JPEG-XL is a new image format from JPEG which improves upon the legacy JPEG format. JPEG-XL is based on Google’s PIK and Cloudinary’s FUIF format.
JPEG-XL is in a line of Codecs/Formats released by Joint Photographic Experts Group (JPEG), intended to be a replacement to its legacy image format JPEG. JPEG-XL comes packed with features that also make it a suitable replacement to other formats like PNG(XL provides support for alpha channel/transparency) and GIF (XL supports animation as well). It also can be a replacement or alternative to newer Image Codecs like WebP and AVIF.
Superior compression ratio resulting in smaller file sizes at high visual quality levels. Here is a list of core features of this format -
Progressive images render with a pixelated/blurry version of the complete image before filling in the details layer by layer until the image data is completely downloaded.
Progressive images improve user experience on a website because the viewer gets the entire image initially in its pixelated/blur form before details are filled in layer by layer.
Since WebP/AVIF do not offer progressive decodes the entire image needs to be downloaded/loaded before it is displayed.

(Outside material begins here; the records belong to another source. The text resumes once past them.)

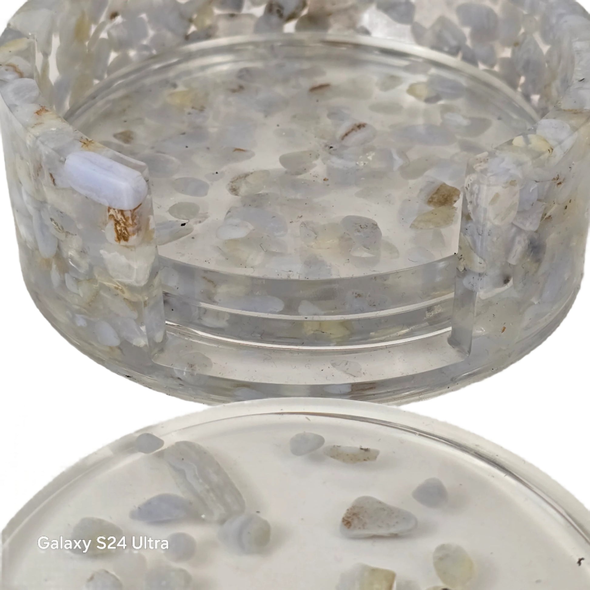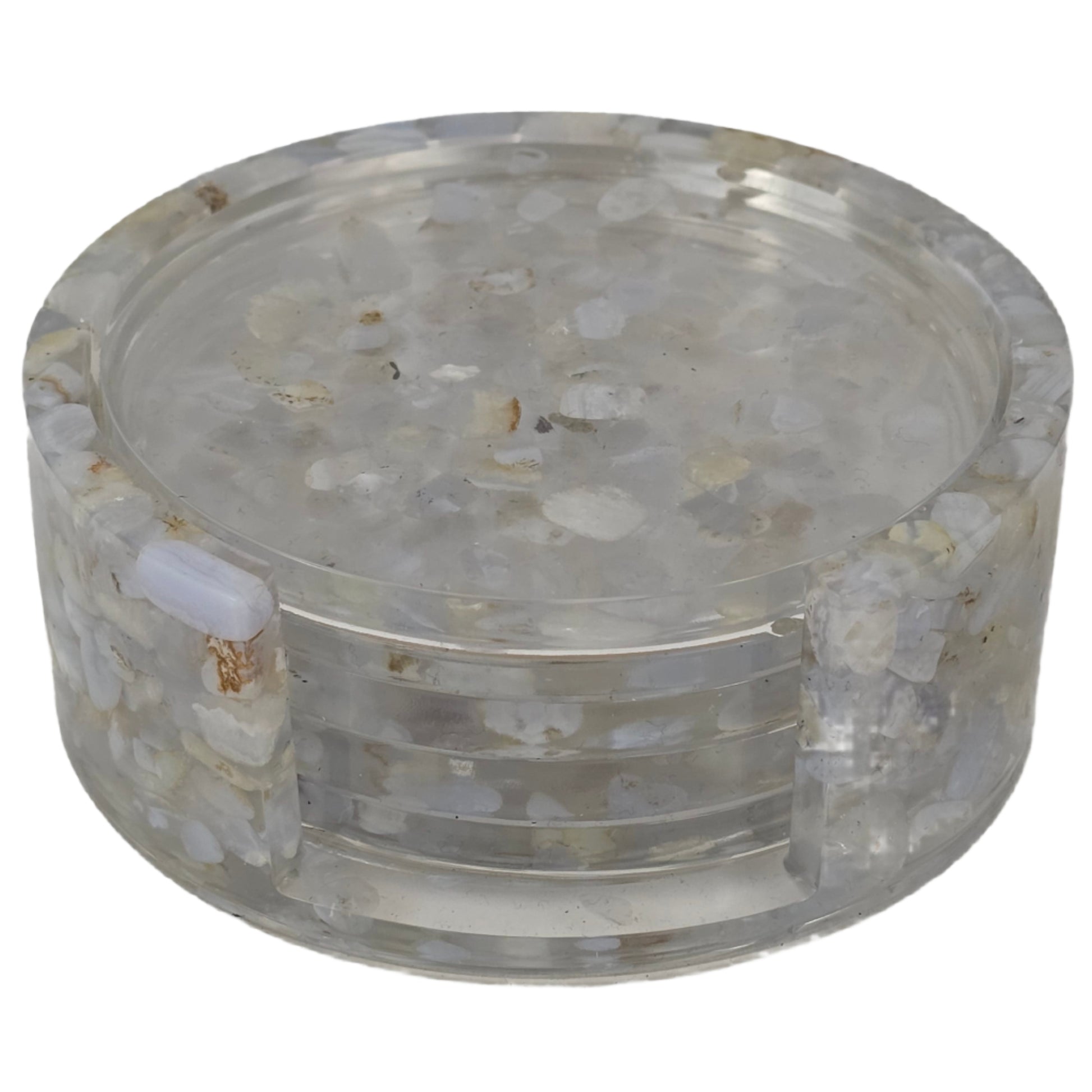 It is said that Blue Lace Agate brings peace, tranquility, and encourages free expression of thoughts and feelings. It protects against negative energy and encourages spiritual growth. We believe that incorporating this stone into a coaster set is an amazing way to bring the stone's amazing energy into your home, in a functional way. Each set includes a holder and 5 coasters.
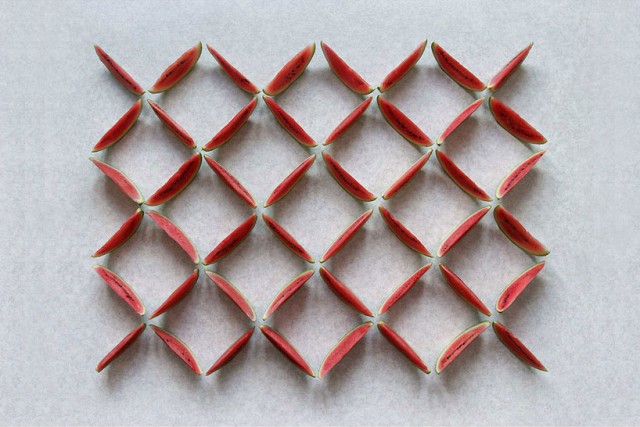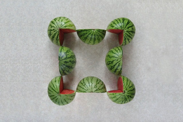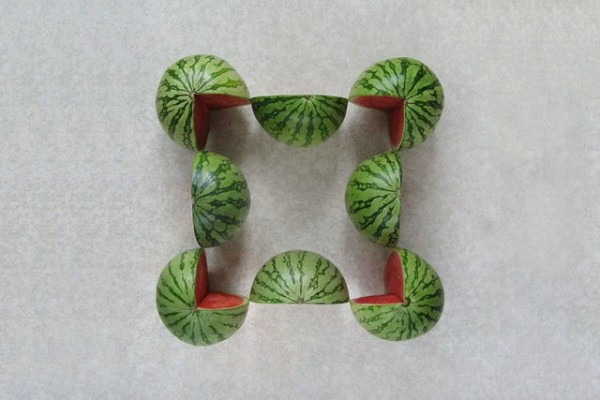 來自土耳其藝術家Sakir Gokcebag用大量的水果進行相當另類的視覺藝術創作,素材包括西瓜、蘋果、豌豆等。透過幾何圖形的變化,這些水果們產生了相當耐人尋味的視覺效果。難能可貴得是,這些水果並沒有經過Photoshop的後製。(小聲說,背景好像有稍微拉長 XD)
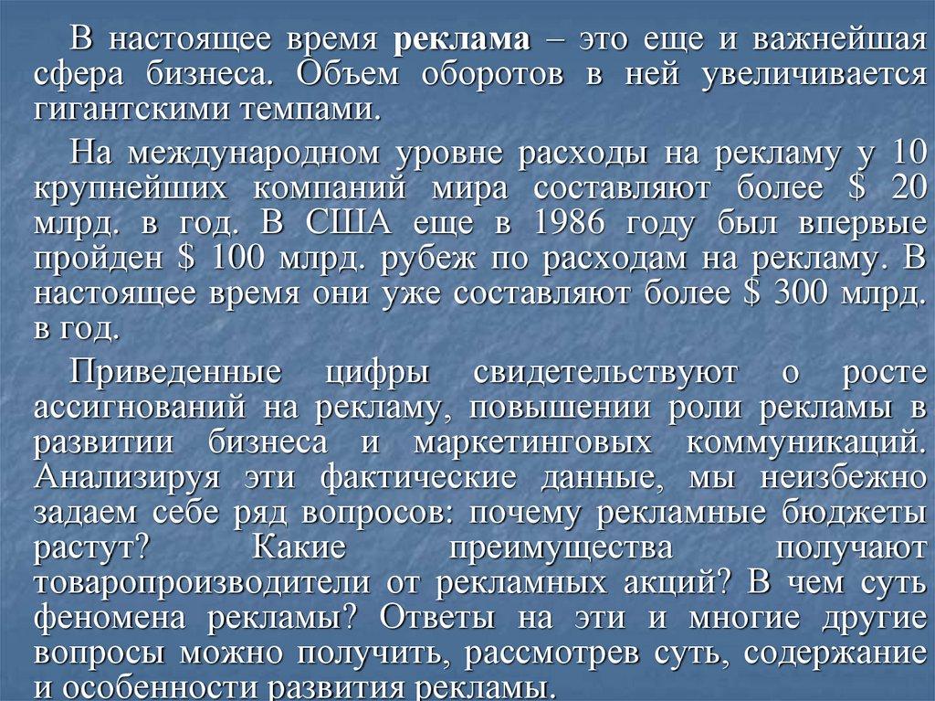 В настоящее время реклама – это еще и важнейшаясфера бизнеса. Объем оборотов в ней увеличивается
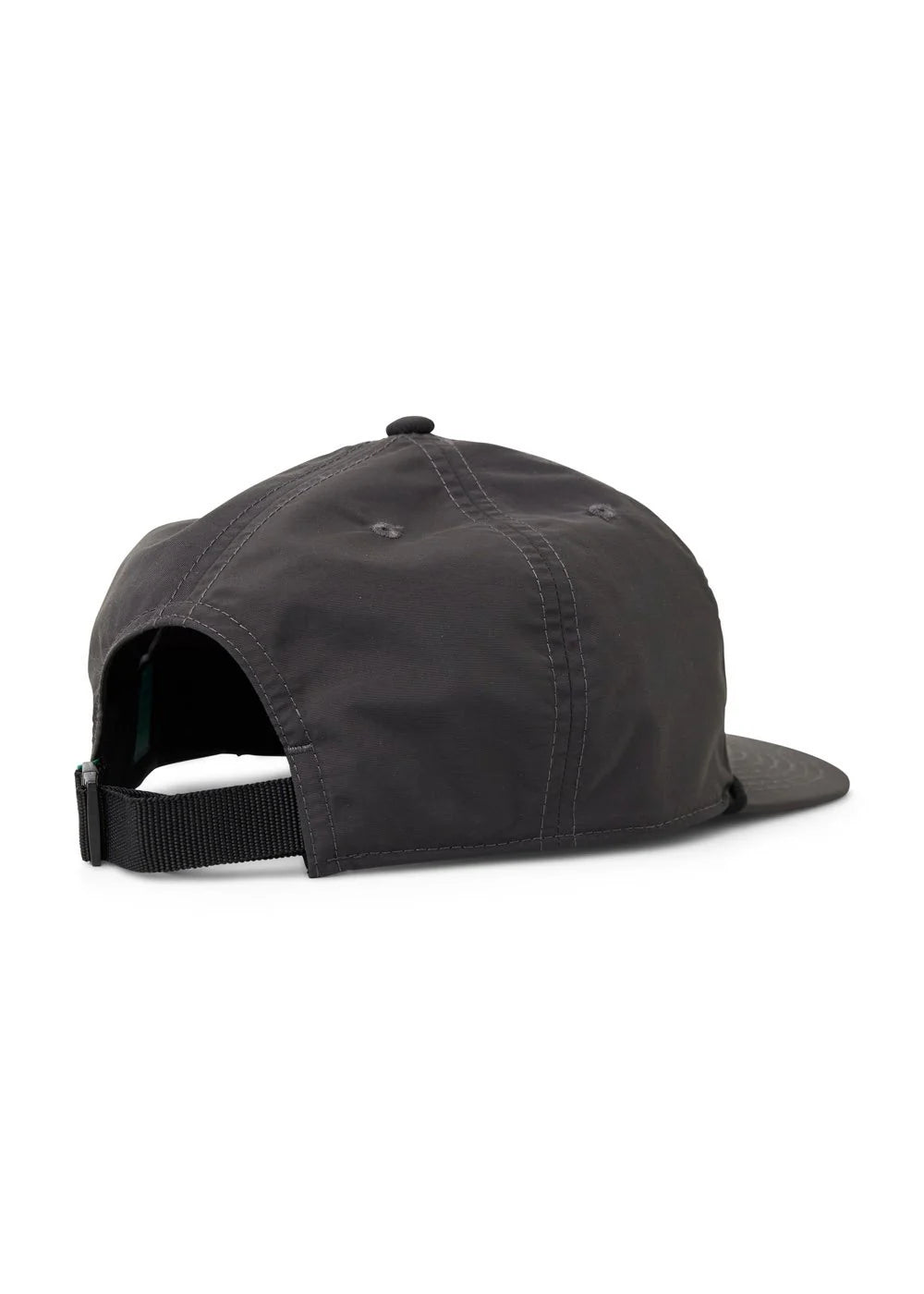 Technical function drives this recycled nylon 5-panel. Sport-mode bungee chin strap and adjustable closure ensure secure fit, enhanced by custom patch detailing.
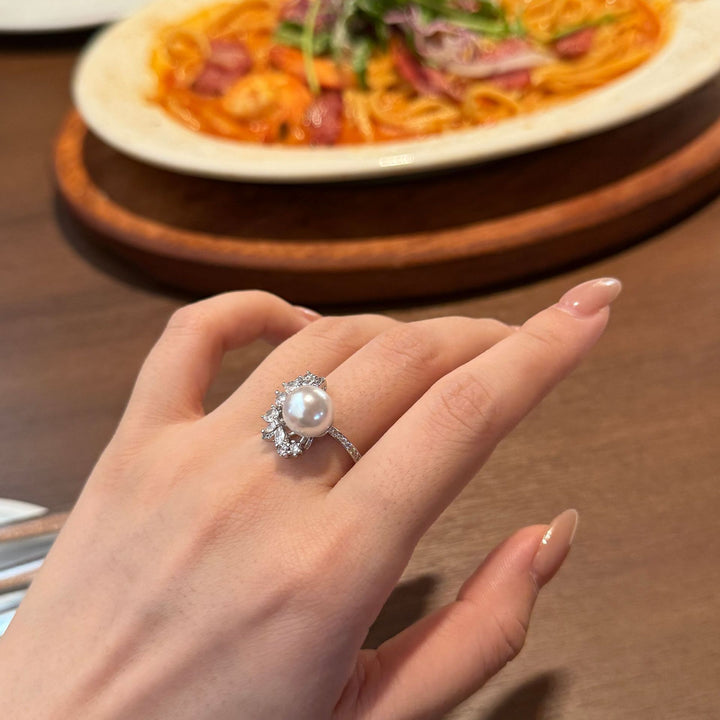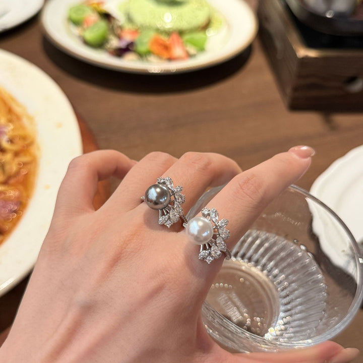 Geometric Hollow Pearl Ring - Adjustable
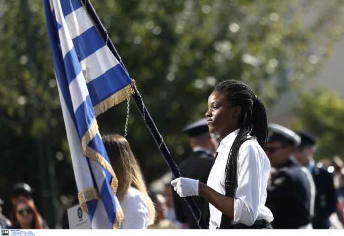 Κρατώντας την ελληνική σημαία στην παρέλαση για την 28η Οκτωβρίου η νιγηριανή μαθήτρια μας χάρισε μια από τις πιο “δυνατές” εικόνες των φετινών παρελάσεων.
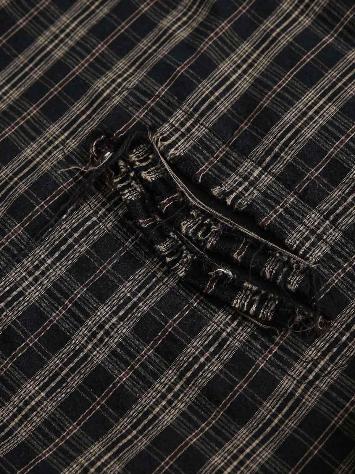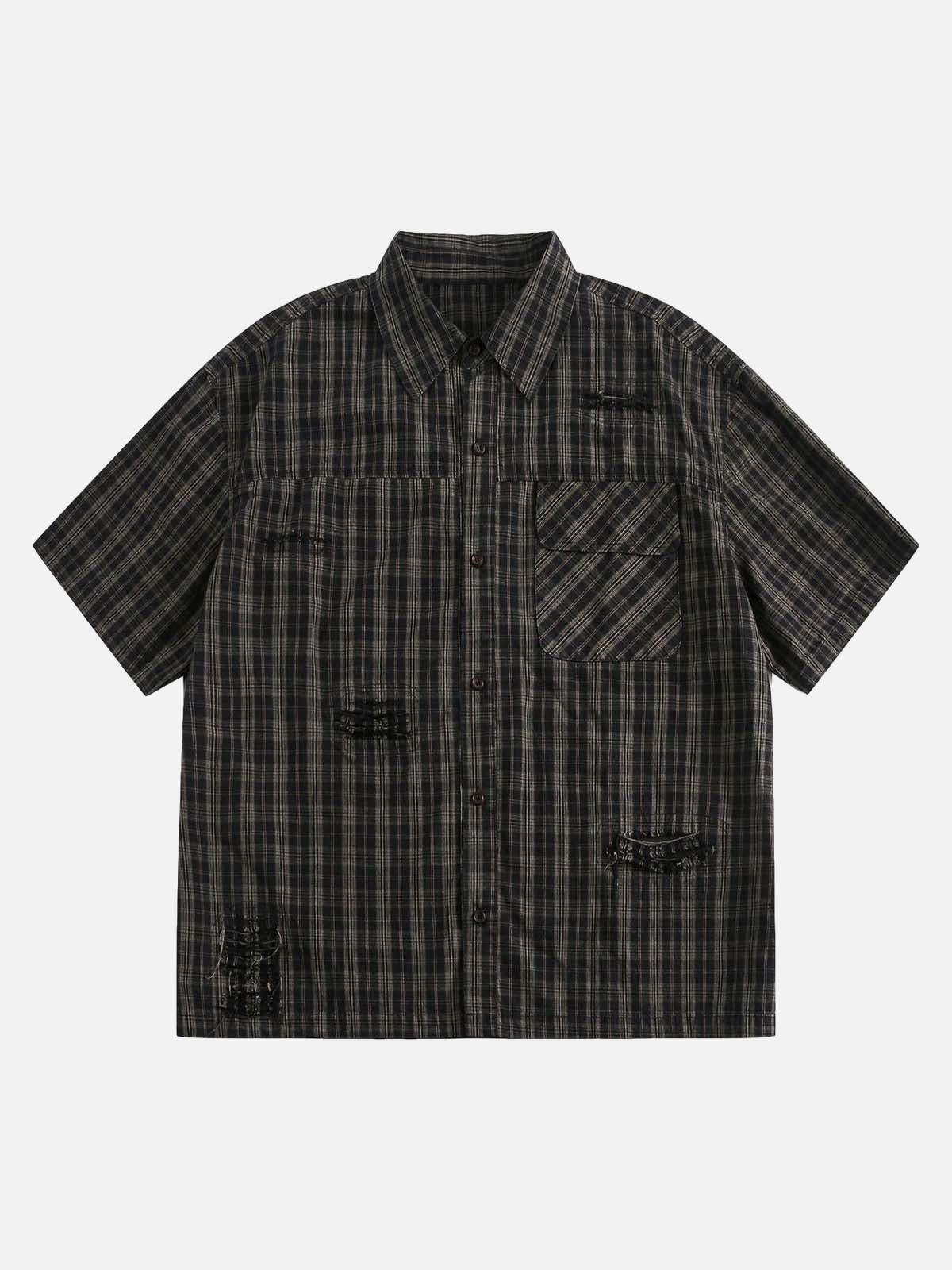 Break free from the ordinary with this edgy, distressed plaid shirt that redefines summer fashion. The bold black design, accentuated with raw, textured details, brings an urban vibe to your wardrobe, making it the perfect companion for those who dare to be different. Available in sizes M, L, XL, and 2XL, this shirt offers a relaxed fit that pairs effortlessly with your favorite jeans or shorts for a laid-back summer outfit. Elevate your seasonal style and let this piece speak volumes without uttering a word.
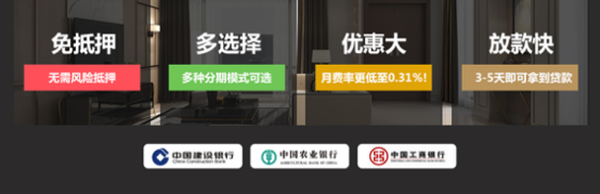 放大招,聯(lián)合多家銀行裝修優(yōu)質(zhì)分期,額度最高達100萬!最高五年靈活期限,月費率更低至0.31%!免抵押,免擔保,手續(xù)簡單,辦理快捷!
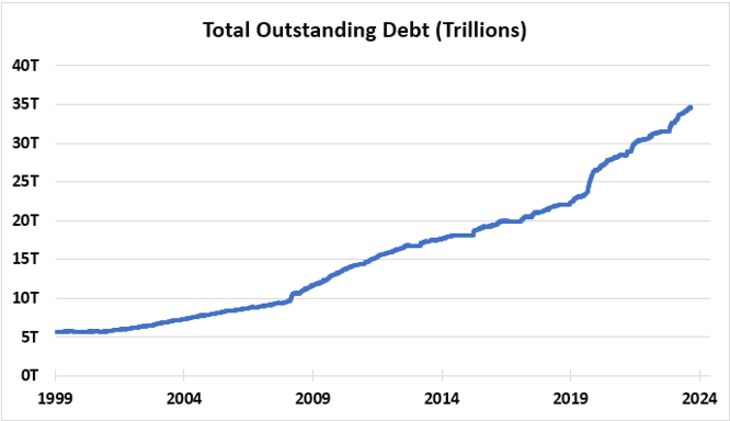 Am 26. März 2024 überschritt die Staatsverschuldung die Marke von 34,6 Billionen Dollar. Seit Beginn des neuen Jahrhunderts ist die US-Verschuldung von 5 Billionen Dollar auf heute 34,6 Billionen Dollar gestiegen und wächst alle 120 Tage um 1 Billion Dollar. Wie die Kriege Ludwigs XIV. waren die USA im letzten halben Jahrhundert in ständige Kriege verwickelt, von Korea, Vietnam und dem ersten Golfkrieg bis zum zweiten Golfkrieg dieses Jahrhunderts, dem Krieg gegen den Terrorismus und den Stellvertreterkriegen in Afghanistan, der Ukraine und im Nahen Osten.
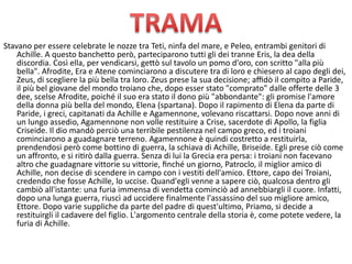 Il documento narra le nozze tra Teti e Peleo, eventi che portano all'assegnazione del pomo della discordia a Paride, il quale sceglie Afrodite, scatenando la guerra di Troia. La storia si concentra sull'ira di Achille, che si ritira dal conflitto dopo aver perso la sua schiava Briseide e che vendica la morte del suo amico Patroclo uccidendo Ettore. Viene anche discusso il dibattito sulla paternità e l'attendibilità dell'Iliade e dell'Odissea, nonché il carattere e il destino dei principali protagonisti.
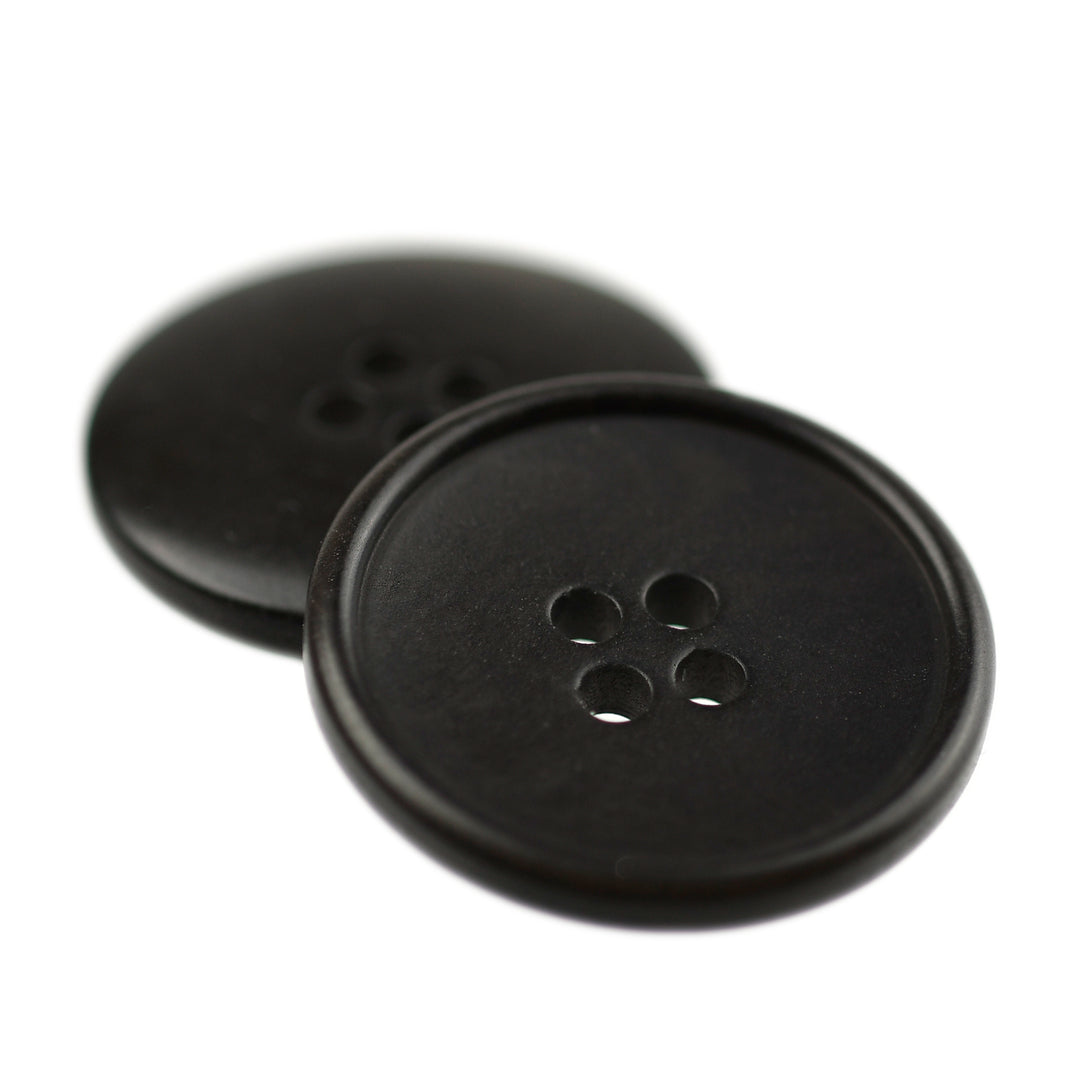 Four-hole button with narrow rim on front face and slightly domed back. Satin, very dark brown finish.

I covered progressive decodes in more detail in an earlier blog - https://www.coderevere.com/baseline-vs-progressive-jpeg/
Not at this moment unless you have smart device/browser detection capabilities at the CDN layer or on your proxy server that only hands out a JPEG-XL output to devices/browsers capable of rendering it. JPEG-XL has very limited support currently. Refer - https://caniuse.com/?search=jpegxl
At the time of writing this blog, JPEG-XL is supported by only Safari (version 17 and above) thanks to Apple announcing support for it recently. Google had a JPEG-XL flag in its chromium browsers however late last year decided to remove the XL code and its flag for the following reasons -
“Thank you everyone for your comments and feedback regarding JPEG XL. We will be removing the JPEG XL code and flag from Chromium for the following reasons: Experimental flags and code should not remain indefinitely There is not enough interest from the entire ecosystem to continue experimenting with JPEG XL The new image format does not bring sufficient incremental benefits over existing formats to warrant enabling it by default By removing the flag and the code in M110, it reduces the maintenance burden and allows us to focus on improving existing formats in Chrome”
This left a lot of JPEG-XL supporters disappointed. However with Apple now supporting JPEG-XL in its browser there could be renewed interest in Google to revisit its decision to sunset JPEG-XL code and flag from Chromium. Kind of funny isn’t it - a format which was based on research by Google and Cloudinary, Google also being an early adopter of the format in its Chromium engine, only to later kill it and now may be forced to reconsider its decision because Apple has started supporting it.
Please find below the command I used to transcode a JPEG to JPEG-XL using ImageMagick -
magick jpegexample.jpg -quality 90 jpegxlexample.jxl
Note : Encoded at quality level 90, XL achieved superior compression in comparison with legacy JPEG. JPEG was 95KB for this particular image while JPEG-XL is at 68KB.